Hi, Yes I am another newbie here. I just found this site this morning.
My name is Mike and I love history, specifically military and especially World War II. 
Before anyone questions my screen name, I am a Tsgt in the USAF Reserves; 4 yrs Active Duty (Mar '81 - '85); Reserves since Oct '85 - present. 

I was searching on world war II aircraft wrecks and found this site and thought I'd check it out. Last night I watched a history channel show on a B-25C that was recovered off the coast of North Carolina from a lake. 
I always look forward to the Air Shows at my base every year mainly to again see the vintage aircraft from the past. 

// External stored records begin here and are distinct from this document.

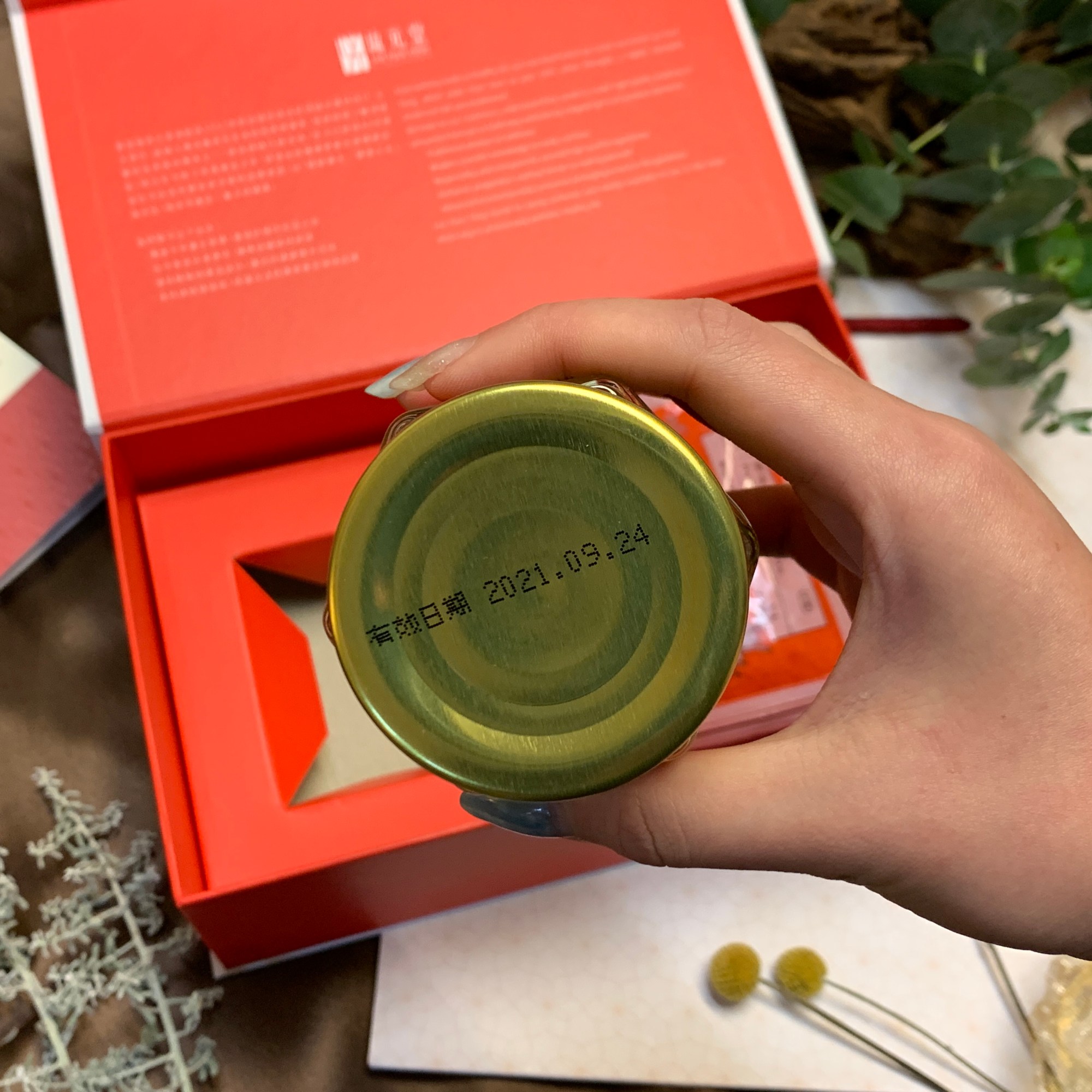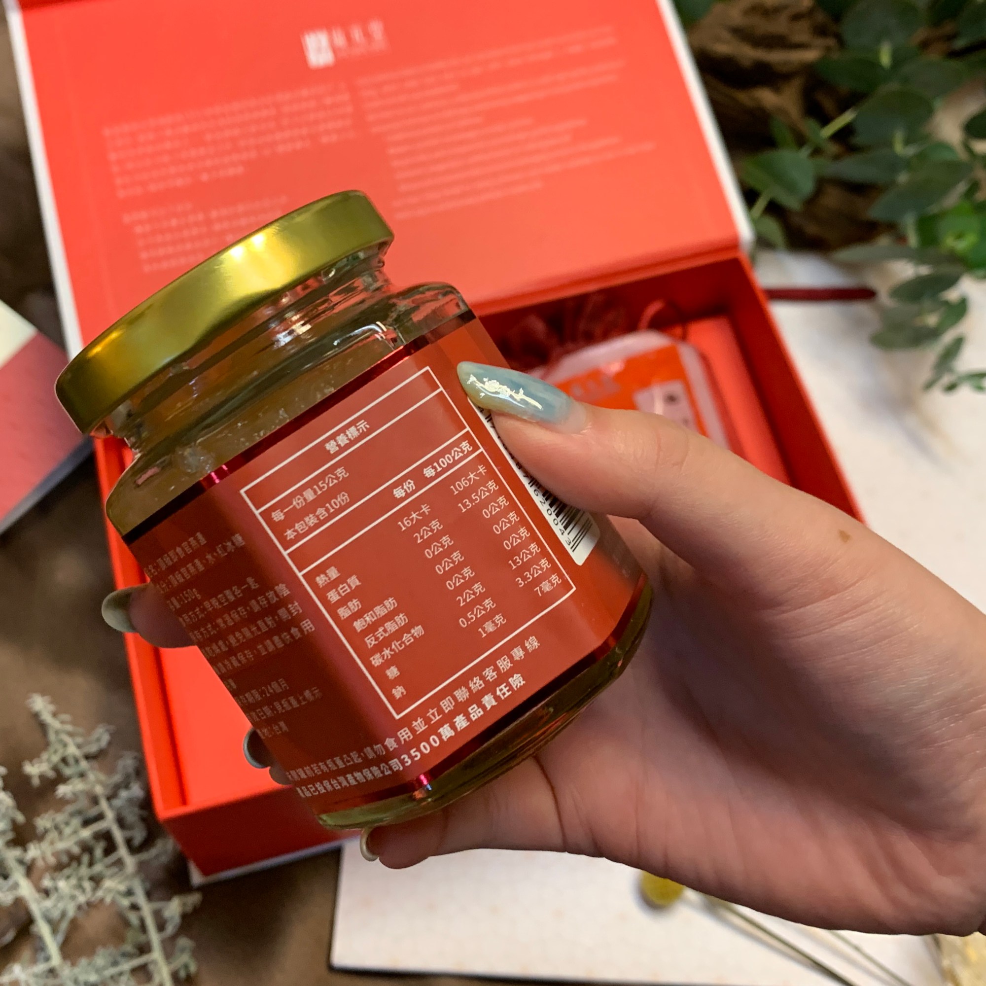頂級即食官燕盞燕窩的瓶身是摸起來微霧面、滑滑質地的貼紙,瓶身的注意事項、熱量、成分及瓶蓋上的保存期限都標示得相當清楚,成分相當單純,只有紅冰糖、水跟頂級金絲官燕盞。一瓶150g的熱量不到兩百大卡,以一天吃一至兩勺的量來說大概也十大卡左右而已,可說是營養保健之餘,也無負擔呢!
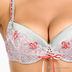 Чашка плотная (поролон 2мм) на косточках, продублирована хлопком, со вставляющимися подушечками (поролон 3мм). Шнуровка между чашек из лент красного и розового цветов подчеркивает форму груди.
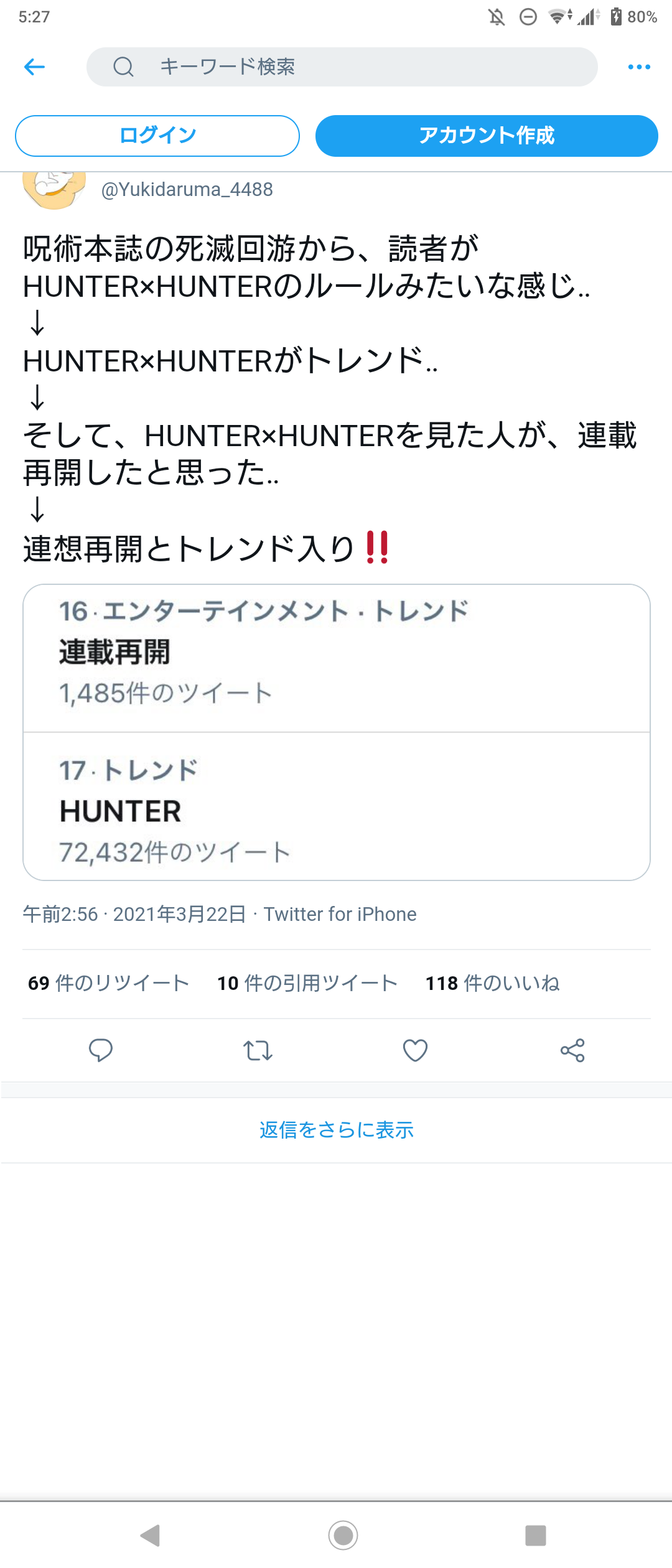 連載再開がトレンド入り
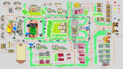 在本次校园定向越野中,每个队伍都根据下图完成了相应章节的游戏。
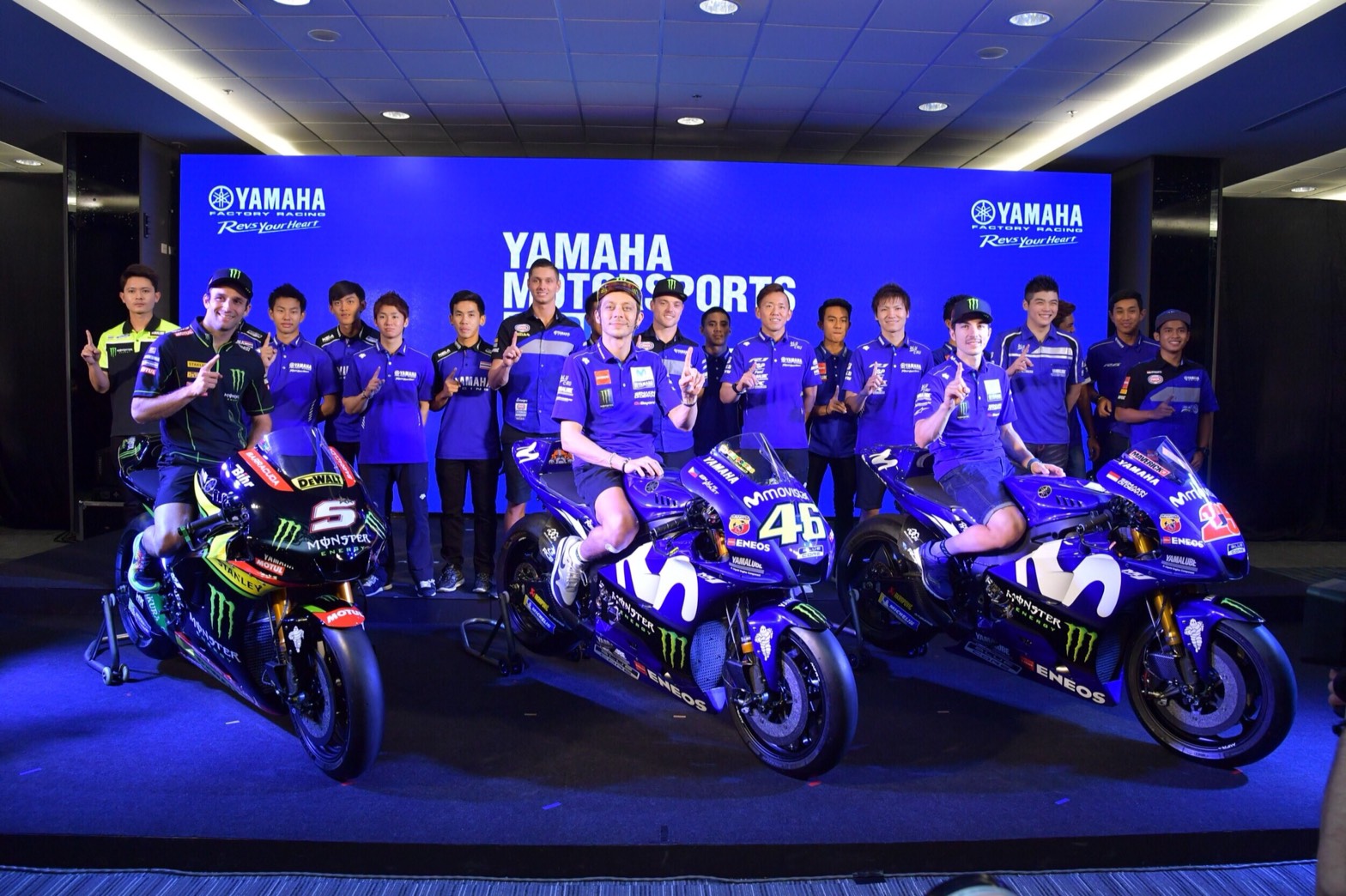 นักแข่งชั้นนำระดับโลกทีมยามาฮ่า นำโดย วาเลนติโน่ รอสซี่ (คนกลาง) มาเวริค บีญาเลส (คนขวา) สองคู่หูจากทีมมูวิสตาร์ ยามาฮ่า โมโตจีพี, โยฮัน ซาโก้ (คนซ้าย) ทีมมอนสเตอร์ ยามาฮ่า เทคทรี เจ้าของตำแหน่งรุกกี้ ออฟเดอะเยียร์ 2017 ซึ่งจะลงทำการแข่งขันรถจักรยานยนต์ทางเรียบชิงแชมป์โลกรายการ MotoGP 2018 ถ่ายภาพพร้อมกับ อเล็กซ์ โลว์ และ มิเชล ฟานเดอ มาร์ค สองคู่หูจากทีม PATA YAMAHA Official World SBK ที่จะลงชิงชัยในการแข่งขัน World Super 2018 รายการที่ยิ่งใหญ่สำหรับรถโปรดักส์ชั่นรุ่นท๊อปคลาส พร้อมกันนี้ ยามาฮ่ามอเตอร์ ยังประกาศความสำเร็จในการผลักดัน และสร้างนักแข่งดาวรุ่งจากเอเชีย โดยในปี 2017 ที่ผ่านมา ยามาฮ่ามอเตอร์ ได้ร่วมมือกับ ไทยยามาฮ่ามอเตอร์ ส่ง แสตมป์ อภิวัฒน์ วงศ์ธนานนท์ แชมป์เอเชียในรุ่น 250cc ไปลุยการแข่งระดับโลกแบบเต็มฤดูกาลในรุ่น Moto3 ภายใต้สังกัด VR46 The Master Camp ของนักแข่งแชมป์โลก 9 สมัย วาเลนติโน่ รอสซี่ และพร้อมกันนี้ยามาฮ่ายังได้เปิดตัวทีมแข่งชั้นนำที่จะลงทำการแข่งขันในระดับนานาชาติอีกด้วย โดยการแถลงข่าวมีขึ้น ณ สนามช้าง อินเตอร์เนชั่นแนล เซอร์กิต จ.บุรีรัมย์.-สำนักข่าวไทย

Ok, I won't bore y'all with anymore about me, so How is everyone?


----------



## DerAdlerIstGelandet (Jan 27, 2007)

Welcome to the forum.


----------



## lesofprimus (Jan 27, 2007)

Im just peachy...


----------



## ORD Butch (Jan 27, 2007)

Hey Mike, I too am a newbie as of today. I have no idea what I am doing here so please give me some breaks...lol. I am an old R/C scale model builder of many years and have an absolute love of things that fly especially of WW II vintage. My nickname is derived from a 1/5 scale model that I built of Butch O'Hare's Grumman F4F.


----------



## lesofprimus (Jan 27, 2007)

We welcome both of u... A double dip, how nice...


----------



## Wurger (Jan 27, 2007)

Welcome to the forum.


----------



## DerAdlerIstGelandet (Jan 27, 2007)

Welcome as well.


----------



## the lancaster kicks ass (Jan 28, 2007)

> at my base every



which is your base?


----------



## TsgtE662 (Jan 28, 2007)

Lancaster - I am assigned to Scott AFB, Illinois with the Reserves - full time.
I am thinking about scanning posting some pics I've taken over the yrs of the warbirds that have been there. I have a few pics if anyone is interested. I'll have to dig them up.


----------



## Emac44 (Jan 29, 2007)

G'day Mike and Butch welcome. Don't mind Lanc he hasn't had his ration of raw meat and vita brits yets


----------



## the lancaster kicks ass (Jan 31, 2007)

> Don't mind Lanc he hasn't had his ration of raw meat



i can't be the only one to think that, breakfast aside, a meal isn't a meal without some sort of meat


----------